The -sSf matters. -f makes curl exit non-zero on an HTTP error instead of cheerfully printing the error page and returning success, so a 500 from a broken build short-circuits the && and build OK never prints. We confirmed that short-circuit honestly against an unreachable port:

curl failed (rc=7), so 'build OK' never printed

(That’s docker compose up and a live server, so it’s documentation, not a sandbox block — but the -sSf behavior above is real output we captured.)

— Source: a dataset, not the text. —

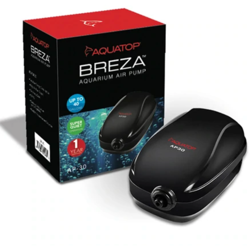 The AP-100 is the largest in the series and is capable of aerating aquariums ranging from 40 to 100 gallons, and the AP-100 includes a control knob for an adjustable flow rate. AQUATOP's BREZA Series of aquarium air pumps give your aquatic creatures the oxygen they need in order to thrive. An air pump system adds air bubbles, creates current and agitates the water to help in filtration. An air pump also aids in maintaining stable and healthy pH levels inside the aquarium.

You’ll know it fully worked when curl prints build OK — a served page, not just a green install log.

When this goes wrong

  • You removed the platform but CI still breaks. CI resolves its own platforms; your local --remove-platform never reached it (and shouldn’t have, via the lockfile). If CI itself hits a yanked build, run the same command on a fresh resolve there or update the gem version — don’t paste your darwin lockfile into a Linux runner.
  • The error names a different gem, not ffi. Same shape, same fix: bundle lock --remove-platform <the-platform-in-the-error>. The yank-then-stale-pin pattern isn’t specific to ffi.
  • bundle install is still offline-failing. bundle lock needs the network to re-resolve. If you’re air-gapped, you can’t re-resolve against a registry that’s gone; you need either connectivity or a vendored cache.

The honest accounting

This command makes nothing faster and fixes nothing in your code, because nothing in your code was broken. It earns its keep on exactly one kind of day: when an upstream you don’t control deletes a build out from under a pin you do control, and your container starts demanding a gem that has ceased to exist.

The whole trade is two lines of judgment. Let the lockfile re-resolve instead of fighting it — and then resist the very natural urge to commit the thing that just saved you, because the next person’s CI is counting on that lockfile being the shared truth, not your laptop’s.